In conclusion, albuminuria and reduced eGFR are continuous risk factors for cardiovascular and kidney outcomes in patients with type 2 diabetes that are independent of each other and of other known risk factors. Routine measurement of both albuminuria and eGFR may therefore improve current tools for risk assessment in patients with type 2 diabetes.

Concise Methods

Study Design and Participants

ADVANCE is a factorial, randomized, controlled trial evaluating the effects of BP lowering and intensive blood glucose control on vascular outcomes. A detailed description of the design has been published previously.37 In brief, 11,140 individuals who had type 2 diabetes, were aged ≥55 yr, and had at least one additional risk factor for cardiovascular disease were enrolled from 215 centers in 20 countries. No participant inclusion or exclusion criteria were based on levels of BP or GFR, but the presence of albuminuria was one of a number of potential eligibility criteria for inclusion. Eligible participants were randomly assigned to either a fixed combination of perindopril and indapamide (4 mg/1.25 mg) or matching placebo and to either a gliclazide (modified release)–based intensive glucose control regimen or standard glucose control based on local guidelines of participating countries, after a 6-wk active run-in period. For this study, a total of 10,640 patients were studied after the exclusion of 500 patients for whom levels of UACR or serum creatinine at baseline were unavailable. Approval for the trial was obtained from each center's institutional review board, and all participants provided written informed consent.

Follow-up and Assessments

Participants were seen at 3, 4, and 6 mo after randomization and subsequently every 6 mo. Measurement of UACR was performed on spot urine samples at baseline, 24 mo, and 48 mo after randomization and at the end of follow-up. Serum creatinine was measured at baseline, at the conclusion of the run-in period, 4 and 12 mo after randomization, at subsequent yearly intervals, and at the end of follow-up. Both UACR and serum creatinine were measured at local laboratories. eGFR was calculated by the four-variable MDRD equation.10 At each study visit, BP was recorded as the mean of two measurements made in the seated position using an automated sphygmomanometer (Omron HEM-705 CP; Omron, Tokyo, Japan).

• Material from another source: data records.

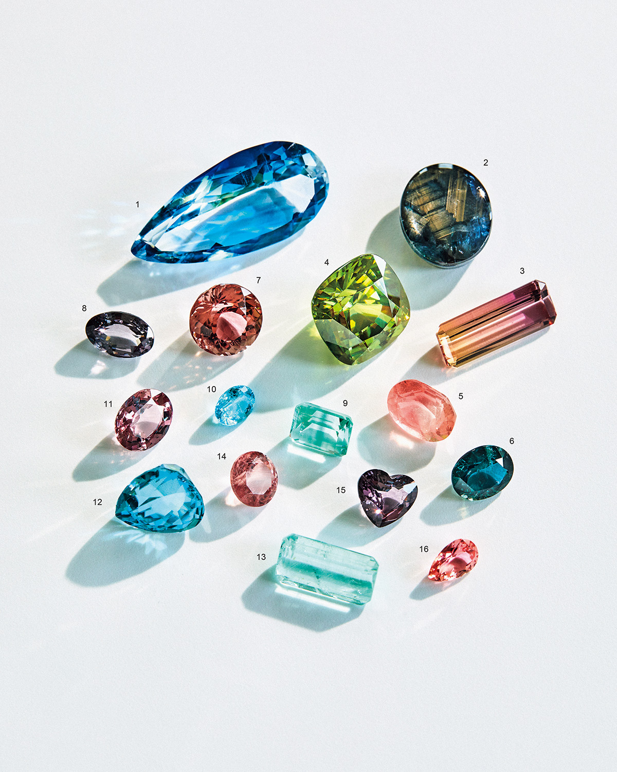 1. Bi-color Euclase、2. Gold Sheen Sapphire、3. Bi-color Imperial Topaz、4. Sphene、5. Pink Euclase、6. Laurentthomasite、7. Red Topaz、8. Taaffeite、9. Bi-color Emerald、10. Paraiba Tourmaline、11. Padparadscha Sapphire、12. Blue Zircon、13. Phosphophyllite、14. Rhodochrosite、15. Musgravite、16. Vayrynenite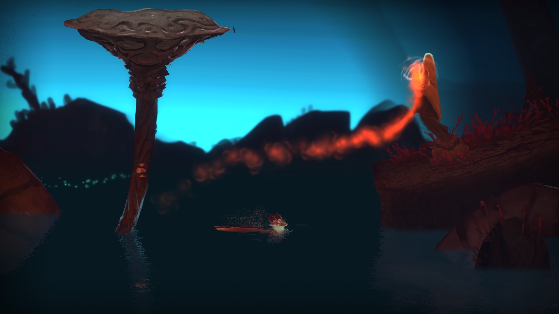 The game introduces the mechanics as you explore the environment itself. It’s more of a platformer game than meets the eye at first. The screen gives a visual/audible prompt when something of interest is nearby, and using the e button activates the fox’s yip that causes parts of the area to change. They’re nature items: exploding mushrooms, vines that extend out like a bridge to let you pass over gaps, and vats that have wind shooting out of them (to name a few examples). As you gather the fragments of the seasons, these objects and instances gain an additional layer of complexity to them. Every season has it’s own weather climate and ability to change the environment, and that’s the core of what Seasons after Fall is about. Take the game’s water geysers for example. In winter, these plumes of water freeze and form a platform you can stand on. But in the Fall season, they only shoot a little water, while in the Spring season the water levels are much higher because of the rainy weather. It’s these puzzle-solving opportunities that let the game’s difficulty level ramp up at a consistent pace as you progress.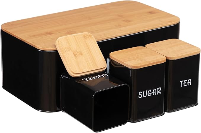 - Complete 4-Piece Set: Includes 1 large bread box and 3 labeled canisters for Tea, Coffee & Sugar.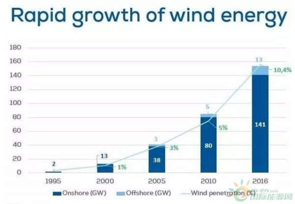 根據(jù)Wind Europe的數(shù)據(jù),過(guò)去20年來(lái)風(fēng)電在歐洲(歐盟28國(guó))迅速發(fā)展。到2016年底,歐洲國(guó)家風(fēng)電裝機(jī)已經(jīng)達(dá)到154吉瓦,其中13吉瓦為海上風(fēng)電;2016年風(fēng)電占發(fā)電量的比例達(dá)到10.4%。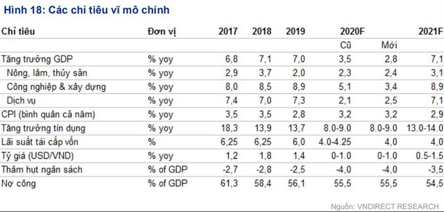 Do tăng trưởng GDP quý III/2020 thấp hơn kỳ vọng của VNDIRECT và lĩnh vực công nghiệp phải đối mặt với những khó khăn lớn hơn do tác động của làn sóng COVID-19 thứ hai trên thế giới, VNDIRECT điều chỉnh dự báo tăng trưởng GDP năm 2020 xuống 2,8% trong kịch bản cơ sở (từ mức 3,5% trước đó).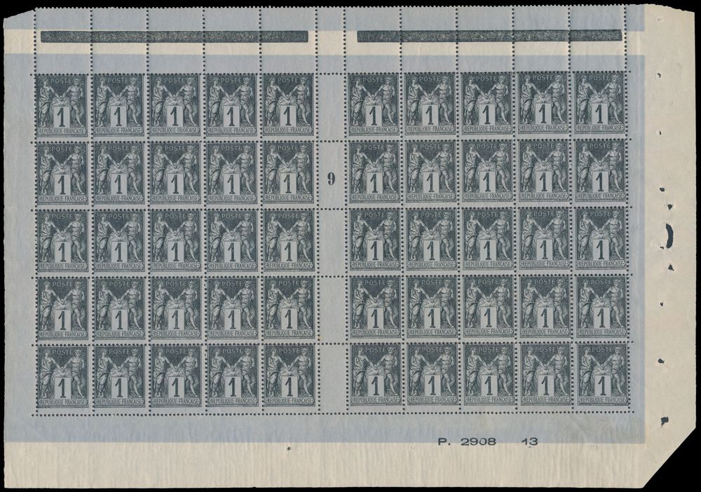 3720 nh imageN° 83 (50x) Sage Type II "1c. noir sur azuré" in sheetlet of 50 stamps and with millésime 9, tiny rust spot on intermediate panel, vf (Yv. ++€611)(Image 1) (All Images)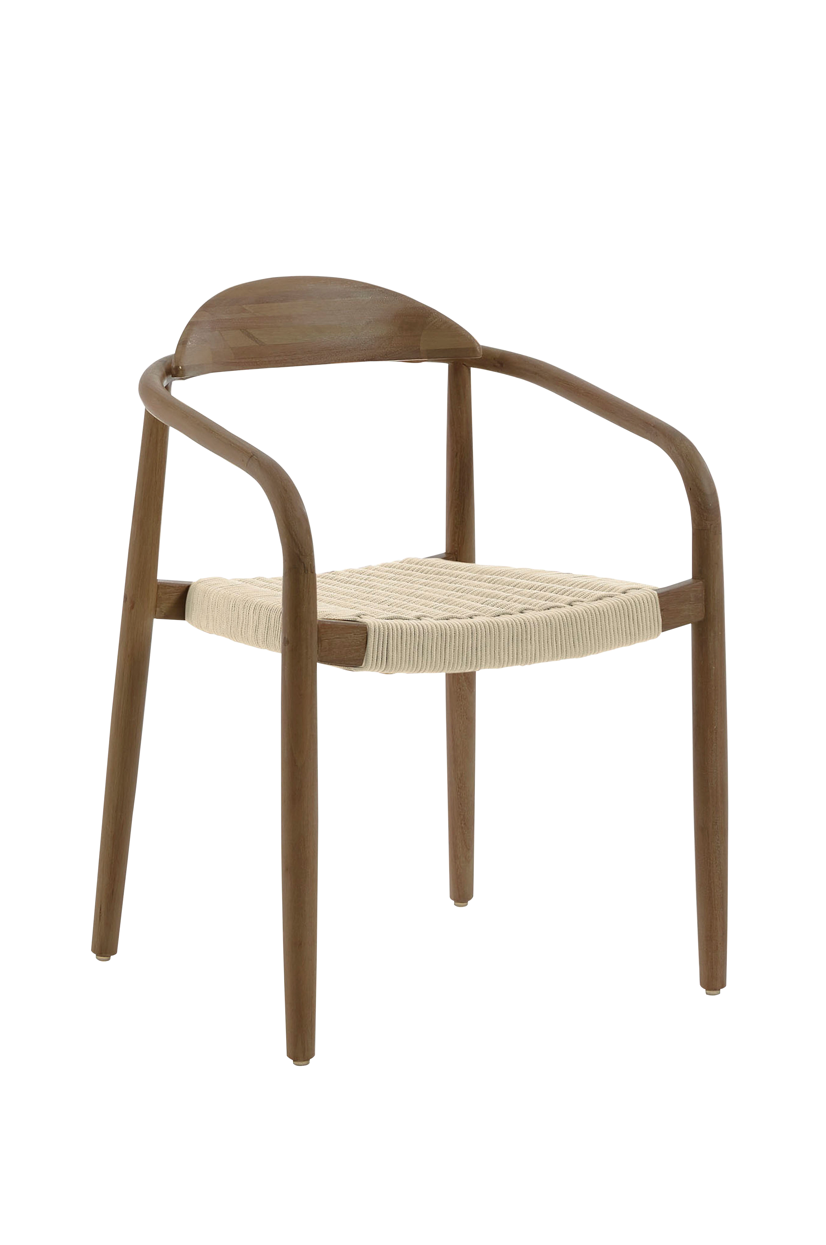 Käsinojalliset tuolit, joiden runko massiivista eukalyptuspuuta, jossa pähkinäviimeistely. Neljä kerrosta polyuretaanipinnoitetta antaa pitkäkestoisen UV-suojan ja lisää kestävyyttä. Istuin UV-suojattua polyesterinarua. Sopii sisäkäyttöön sekä ulkokäyttöön katoksen alla. Leveys: 56 cm. Syvyys: 53 cm. Korkeus: 78 cm.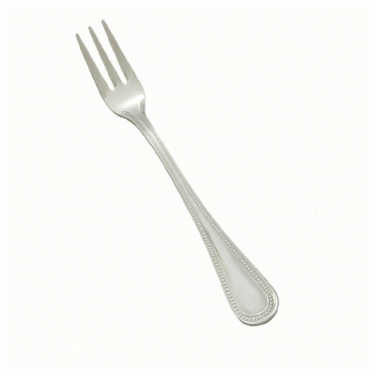 The Winco 0036-07 Oyster Fork is a meticulously crafted utensil, measuring 5-3/8 inches, and made from high-quality 18/8 stainless steel, exemplifying its durability and resistance to corrosion. This extra heavy-weight fork is designed to provide a substantial feel, ensuring a comfortable and firm grip during use, which is particularly advantageous in professional culinary environments. Its mirror finish not only enhances its aesthetic appeal but also adds a layer of sophistication, making it suitable for upscale dining settings. The Deluxe Pearl design adds a touch of elegance, catering to fine dining establishments looking to enhance their table setting. This oyster fork is ideal for seafood restaurants, catering services, and hotels that prioritize both functionality and presentation. With its robust construction and elegant design, the Winco 0036-07 Oyster Fork serves as a reliable and stylish tool for efficiently handling oysters, making it a valuable addition to any cutlery collection. This product meets the demands of professional chefs and dining establishments that seek high performance and long-lasting quality in their kitchen tools, ensuring that it stands out as a preferred choice in the food service industry.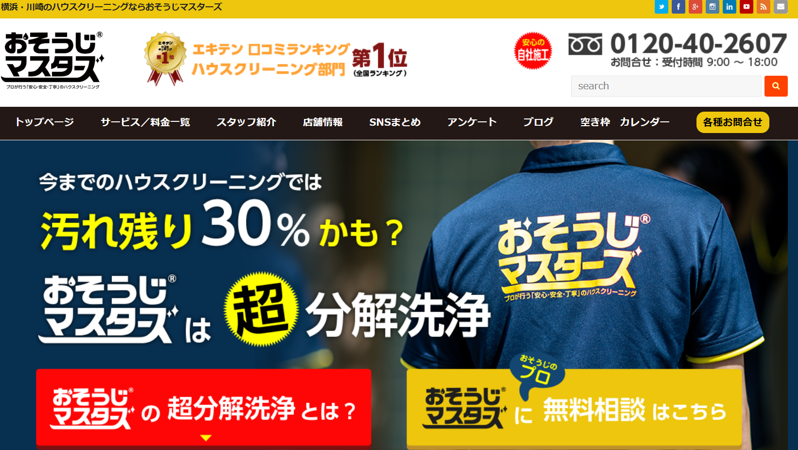 | 業者名 | ![]() 東京ガス | ![]() ユアマイスター | ![]() おそうじ本舗 | ![]() ダスキン | ![]() ハートクリーニング | ![]() ベアーズ | ![]() おそうじ革命 | ![]() おそうじマスターズ | ![]() カジタク | ![]() アールおそうじセンター |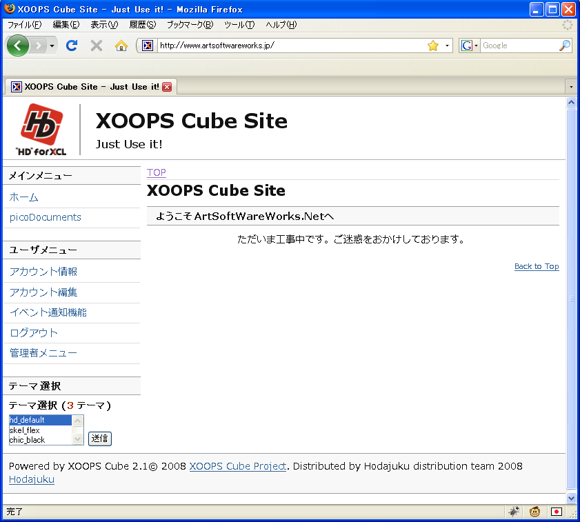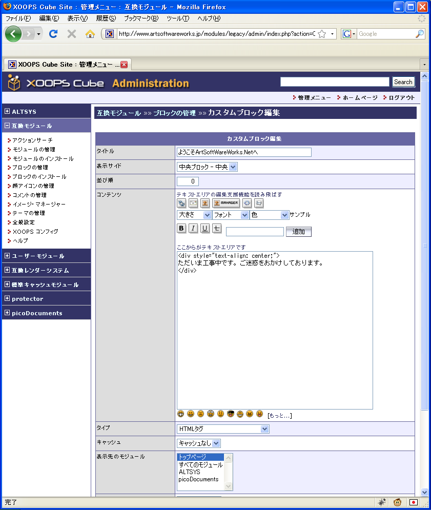 XOOPS Cubeでは自分で好きなメッセージを作ってそれをブロックとして追加することができる。それが「カスタムブロックの追加」だ。とりあえず中央ブロックに何も表示されていないのは少々寂しいので、中央ブロック-中央に「工事中」のメッセージを表示してみることにする。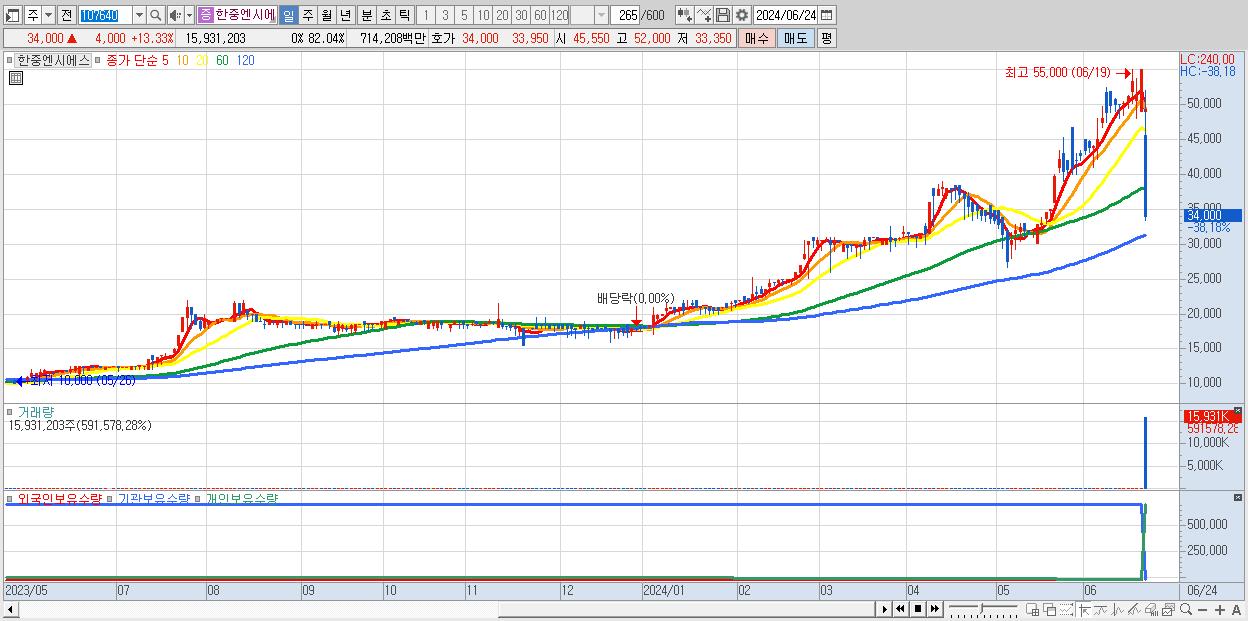 - 한중엔시에스 (34,000원 ▲ 13.33% , 시총: 2,975억, 거래량: 15,931,203, 거래대금:7,142억)
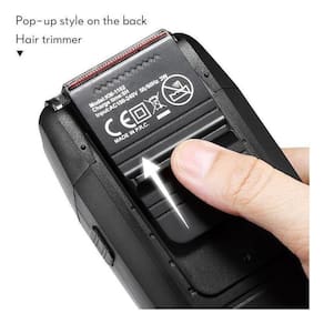 Atrás dele possui um trimmer que serve para aparar costeletas e a barba, acompanha também uma bolsinha para levar em suas viagens ou guardar o produto.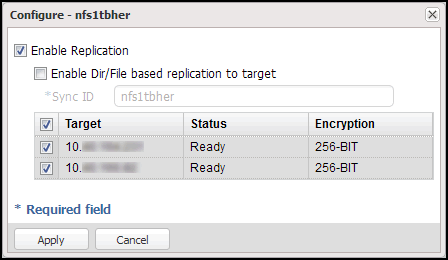 Note: Directory/File-based Replication will be configured for all selected targets. You cannot configure one share for multiple replication types.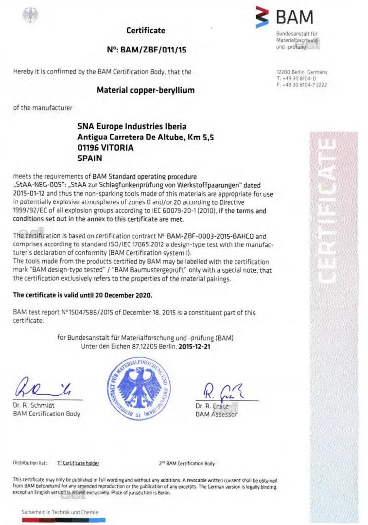 - Materiał: stop miedzi i berylu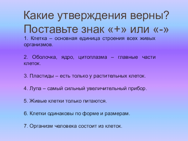 Какие утверждения верны?Поставьте знак «+» или «-»1. Клетка – основная единица строения всех живых организмов. 2. Оболочка, ядро,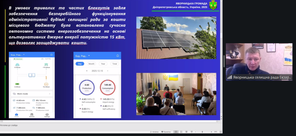 Першим спікером став Дмитро Екзархов, Яворницький селищний голова (Дніпропетровська область). Він поділився досвідом системного впровадження енергоефективних рішень і сонячної енергетики в громаді, яка сьогодні живе в умовах постійних енергетичних ризиків.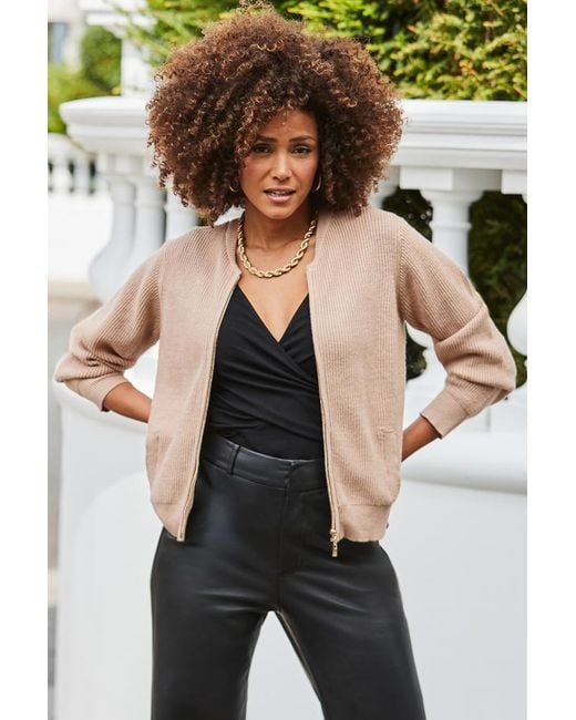 50% cardi, 50% bomber, 100% cosyChic collarless necklineSpun from the softest taupe knit Elegant blouson sleeve silhouette Classic zip fastening From jeans to cargos, it'll go with all your trousers Colour: natural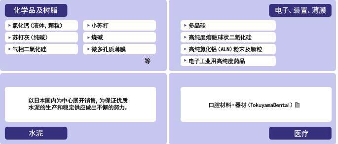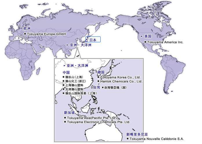 德山是主要基地设在日本的化工厂家。本公司以化学品、树脂产品、电子相关产品为中心,以高度的技术为依托,生产和销售各种化学产品。
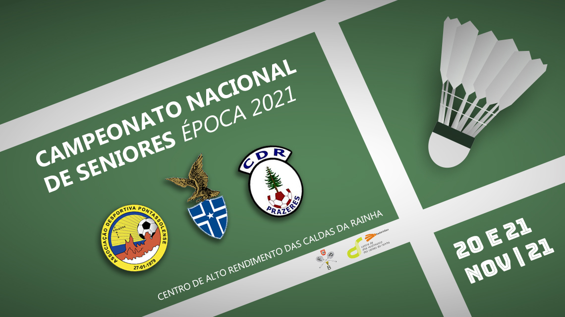 Realiza-se este fim de semana, 20 e 21 de Novembro 2021, no Centro de Alto Rendimento das Caldas da Rainha, Campeonato Nacional de Seniores Época 2021, prova do calendário oficial da Federação Portuguesa de Badminton.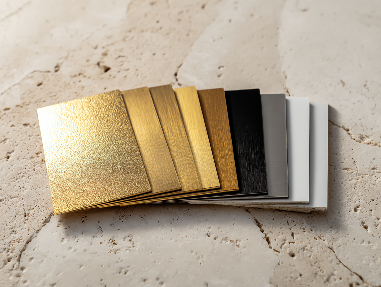 Après ponçage et polissage multi-passes, chaque pièce est brossée dans un grain unique, puis traitée (PVD, laques techniques ou polissage miroir). Contrôle couleur sous lumière neutre (≈5200 K) pour une teinte fidèle (doré brossé, gunmetal, nickel…).

Albuminuria and GFR Categories

Microalbuminuria was defined as a UACR of 30 to 300 mg/g using ordinal cutoff points and macroalbuminuria as a UACR of >300 mg/g.10 Albuminuria levels in the normoalbuminuric and microalbuminuric range were further divided at the median level into the following categories: Low-normal (<9.1 mg/g), high-normal (9.1 to 29.9 mg/g), low microalbuminuria (30.0 to 65.5 mg/g), and high microalbuminuria (65.6 to 300.0 mg/g). Baseline eGFR levels were divided at 15-ml/min per 1.73 m2 intervals into five categories8,9: ≥90, 75 to 89, 60 to 74, 45 to 59, and <45 ml/min per 1.73 m2. The clinical stages of CKD were classified according to the recommendations of the National Kidney Foundation Kidney Disease Outcomes Quality Initiative (K/DOQI) guidelines11: No CKD (eGFR ≥60 ml/min per 1.73 m2 and UACR <30 mg/g), stage 1 (eGFR ≥90 ml/min per 1.73 m2 and UACR ≥30 mg/g), stage 2 (eGFR 60 to 89 ml/min per 1.73 m2 and UACR ≥30 mg/g), and stage 3 (eGFR 30 to 59 ml/min per 1.73 m2). In addition, stage 3 was subclassified into two categories according to the status of albuminuria: UACR <30 mg/g and UACR ≥30 mg/g.

Outcomes

The main outcomes for this study were cardiovascular events (cardiovascular death, nonfatal myocardial infarction, or nonfatal stroke), cardiovascular death, and renal events (death as a result of kidney disease, requirement for dialysis or transplantation, or doubling of serum creatinine to >200 μmol/L). The secondary outcomes were all-cause death, major coronary events (death as a result of coronary heart disease [including sudden death] or nonfatal myocardial infarction), and major cerebrovascular events (death as a result of cerebrovascular disease or nonfatal stroke). Only the first event of the relevant outcome type was included in each analysis. All of these events were reviewed and validated by an independent end point adjudication committee.

Statistical Analysis

UACR and eGFR were transformed into natural logarithms because of their skewed distribution. The risk estimates for each outcome associated with UACR or eGFR at baseline were estimated using a Poisson log-linear regression model after adjustment for potentially confounding baseline covariates. The selection of variables was based on identifying all measured clinical variables of known or suspected prognostic importance for the outcomes of interest. Forty-three missing values of eGFR at baseline were imputed by a value recorded during the run-in period.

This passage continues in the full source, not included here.